Friday, November 11, 2016

Micro-insurance to be launched soon

Kathmandu, Nov. 8:
Insurance companies in Nepal are to implement micro-insurance services within a couple of weeks in coordination with micro-finance institutions (MFIs).
A meeting of insurance companies on Tuesday discussed the issues related to the implementation of micro-insurance.
Past president of Nepal Insurers' Association (NIA) Deep Prakash Pandey said that the insurance companies have been mulling over strategies for the effective execution of micro-finance which is targeted at people of the lowest rung in society.
Meanwhile, some companies have begun to sell the micro-insurance products targeted to the socially, economically and geographically marginalised people.
According to the Insurance Board (IB), Himalayan General Insurance has informed the Board that it had started implementing such insurance policies to the rural and deprived population.
Pandey, who is also chief executive officer of Shikhar Insurance Company Ltd., informed that the companies had been working on their own in order to implement the micro-insurance, but a coordinated effort was needed as the NIA had signed a memorandum of understanding (MoU) with the MFIs to collaborate in the effort.
Saksham, an initiative of the Department of International Development (DFID) Nepal, had coordinated to prepare the MoU.
Till now, about two dozen organisations including community-based organisations, micro-finance service providers, non-government organisations and development partners, have been selling micro-insurance product.
The government had decided to involve the insurance companies in this sector, and former Finance Minister Bishnu Prasad Poudel, through his budget speech for the current fiscal year, had directed the companies to distribute at least 5 per cent of their insurance services to micro-insurance.
Following the government's announcement, the IB had designed three life insurance and two non-life insurance products.
"The life insurance products for micro-insurance are endowment and term insurance while non-life products are household, personal accident and health insurance," said Kundan Sapkota, deputy director of the Board.
However, insurance companies are free to design their own product according to the market need which they can sell after IB's approval.
The IB has asked each insurance company to implement micro-insurance in the districts where they had been issuing policies for agricultural insurance.
According to Sapkota, the MFIs would perform a marketing function for micro-insurance. "The micro-insurance companies have good relations with the public in the villages and remote areas.
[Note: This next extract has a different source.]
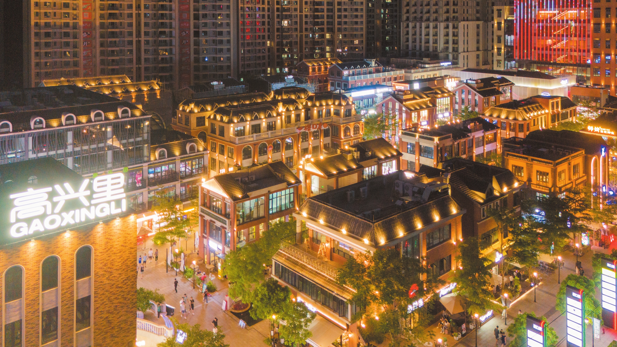夜幕降临,不少市民游客来到琼山区高兴里特色商业文化街区休闲游览,逛夜市、品美食、看演出。
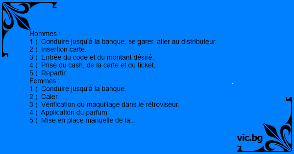 Hommes : 1 ) Conduire jusqu'à la banque, se garer, aller au distributeur. 2 ) Insertion carte. 3 ) Entrée du code et du montant désiré. 4 ) Prise du cash, de la carte et du ticket. 5 ) Repartir. Femmes : 1 ) Conduire jusqu'à la banque. 2 ) Caler. 3 ) Vérification du maquillage dans le rétroviseur. 4 ) Application du parfum. 5 ) Mise en place manuelle de la chevelure. 6 ) Aller au distributeur. 7 ) Recherche de la carte dans le sac à main. 8 ) Insertion carte. 9 ) Récupérer la carte rejetée par l'appareil. 9 bis ) Jeter la carte téléphonique au fond du sac. 10 ) Recherche de la carte bancaire. 11 ) Insertion carte. 12 ) Recherche de la boite de tampons (sur laquelle est inscrit le code secret) dans le sac à main. 13 ) Entrée du code. 14 ) Etude des instructions pendant 2 minutes. 15 ) « Annulation ». 16 ) Re-entrée du code. 17 ) « Annulation ». 18 ) Téléphoner au copain/mari pour avoir le bon code. 19 ) Entrée du montant. 20 ) « Erreur ». 21 ) Entrée d'un montant plus important. 22 ) « Erreur ». 23 ) Entrée du montant maximum. 24 ) Croisement de doigts. 25 ) Saisie du cash. 26 ) Retour à la voiture. 27 ) Vérification du maquillage dans le rétroviseur. 28 ) Recherche des clés dans le sac à main. 29 ) Démarrage de la voiture. 30 ) Vérification du maquillage dans le rétroviseur. 31 ) Rouler sur 50 mètres. 32 ) Freinage brutal. 33 ) Retour au distributeur. 34 ) Sortie de la voiture. 35 ) Récupération de la carte et du ticket. 36 ) Retour a la voiture. 37 ) Jet de la carte sur la plage avant. 38 ) Jet du ticket par terre. 39 ) Vérification du maquillage dans le rétroviseur. 40 ) Mise en place manuelle de la chevelure. 41 ) Parcourir 5 kilomètres. 42 ) Enlever le frein à main.

Therefore, their network will help the insurance companies to implement the micro-insurance," he said.
But Pandey said that along with the reach to the rural people, publicity of micro-insurance products was equally important.

"The insurance companies have to face many challenges while implementing the micro-insurance. However, this sector will create a huge opportunity for them 5 to 10 years from now," he said. 

No comments:

Post a Comment

Featured Story

Govt prepares primary draft of DRR Policy

Kathmandu, Apr. 29: The government has prepared the preliminary report of the National Disaster Risk Reduction (DRR) Policy and Strategic ...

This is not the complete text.